And how do you like your Carmen? Prosper Mérimée, who wrote the short story on which Bizet's opera was based, saw her as the object of a story of male desire, as told by Don José to a narrator on the eve of his execution for the murder of his mistress. Mérimée's Carmen was silent. Since Bizet brought her pulsatingly to life, she has stood for every variety of male temptation and female liberation: the alluringly provocative slut whom Anna Caterina Antonacci incarnated for the opening run of Francesca Zambello's livestock-rich Royal Opera version was, in my view, much nearer the mark than the vocally refined but physically gauche Alice Coote in Potter's pretentiously ideological show.
Zambello's production is now being revived with a singer in the title role whose only Royal Opera performance to date was four years ago, as an affecting Suzuki in Madama Butterfly.
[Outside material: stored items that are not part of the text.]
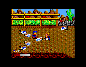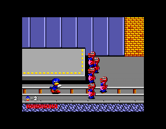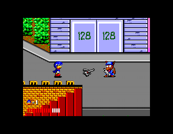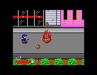 Once again a girl was captured by the evil ones. The blue dynamite duck punches and shoots its way through the streets to rescue her.
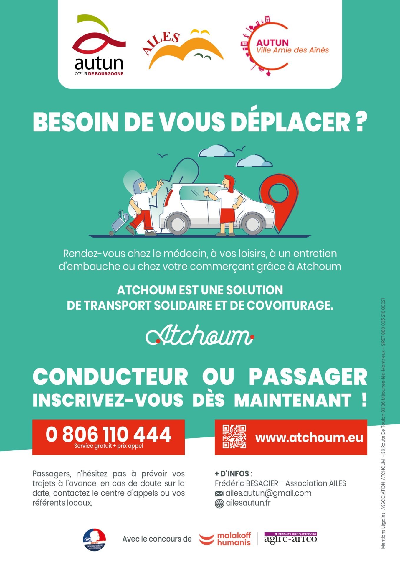 Que ce soit pour un rendez-vous médical, vos loisirs, un entretien d’embauche ou vos courses, la plateforme de mobilité solidaire ATCHOUM, mise en place par l’association AILES, est là pour vous accompagner.
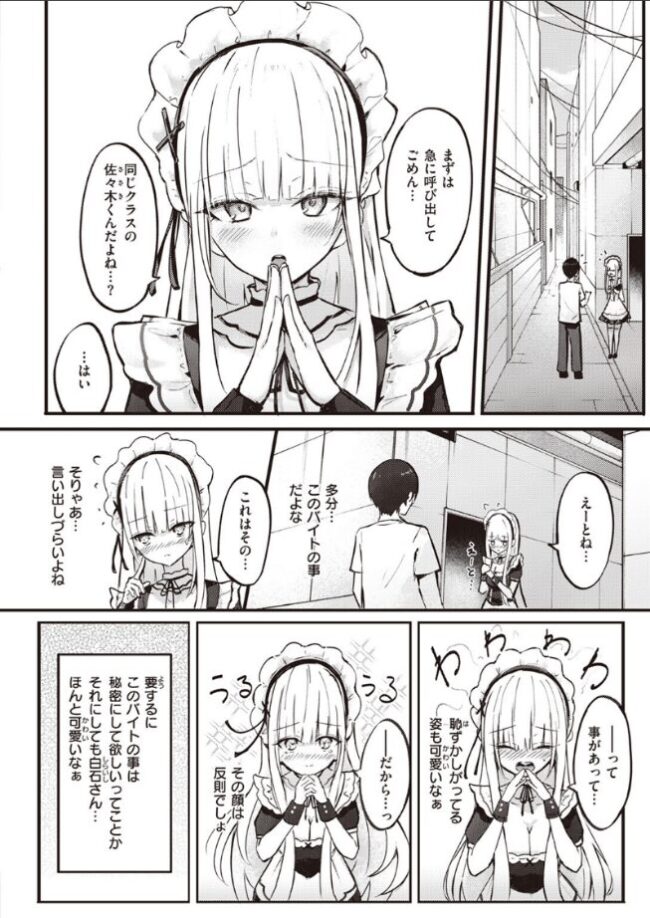 「えっちなことしたら…言わないでくれる……?」学力トップでクラス1の美少女・白石凪(しらいしなぎ)。そんな彼女に恋する同じクラスのメガネ男子・佐々木(ささき)は、白石さんがこっそりメイドカフェで働いていることを知ってしまう。秘密にして欲しい白石さんは、佐々木の肉棒を唐突にご奉仕し始め、そのまま彼女の可愛いおクチに口内射精!白石さんと続きをヤることを約束して、バイト後の彼女とラブホに直行……♪憧れの女のコと≪ひみつ≫を共有しあう、ハートのドキドキ止まらないイチャラブセックスがここに!キュートなヒロインを描くことに定評のある、新進気鋭が『COMICゼロス』で堂々デビュー!!
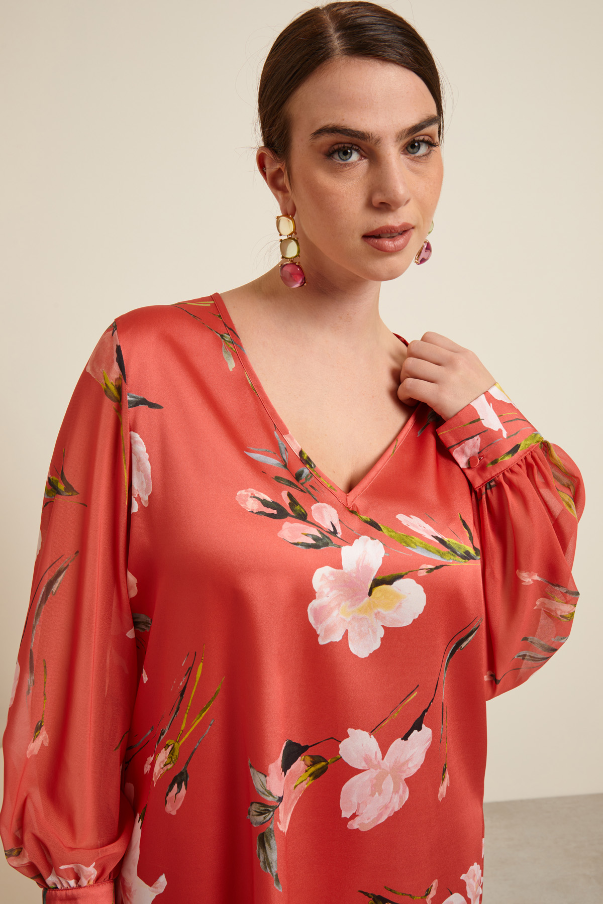 Blusa dalla linea fluida realizzata in twill stampato, con scollo a V e maniche in georgette con polsino e bottone.

So, although Nancy Fabiola Herrera has sung Carmen in Mexico City, Madrid, Rome, Tokyo and at the New York Met, this is her big London moment – and it's even quite a moment when she bursts into the interview room. Her Japanese make-up for Suzuki had left a pale image in my mind: what confronts me now is a larger-than-life creature with darkly voluptuous features and huge glowing eyes; one senses immediately her Spanish origins. This woman absolutely is Carmen.
And she's still heaving with the anger she's had to evince in a rehearsal of Act III in this very physical production: "Give me a minute to come down, then I'll feel good," she says. Is Carmen her favourite role? "I guess so. It's like a second skin. I fell in love with the role the moment I saw the score." These are the words of a musician, not a theatrical wannabe. "The character felt like me." How so? "There are things you learn from her as a woman, and they're all about feeling good in your skin. She's practical, she lives in and for the moment. She doesn't care about the past or the future, she's about now. That's a quality I have always admired." And possessed? "I've worked on it – and I'm better at it than I was."
But, as the libretto reminds us, Carmen's love affairs don't last even six months: she's not a faithful person, is she? "She is, but in her own way. She's faithful to herself. And she's never with two guys at the same time. She's in charge of her life, a free spirit, and she's faithful in her own way. Her character feels like me."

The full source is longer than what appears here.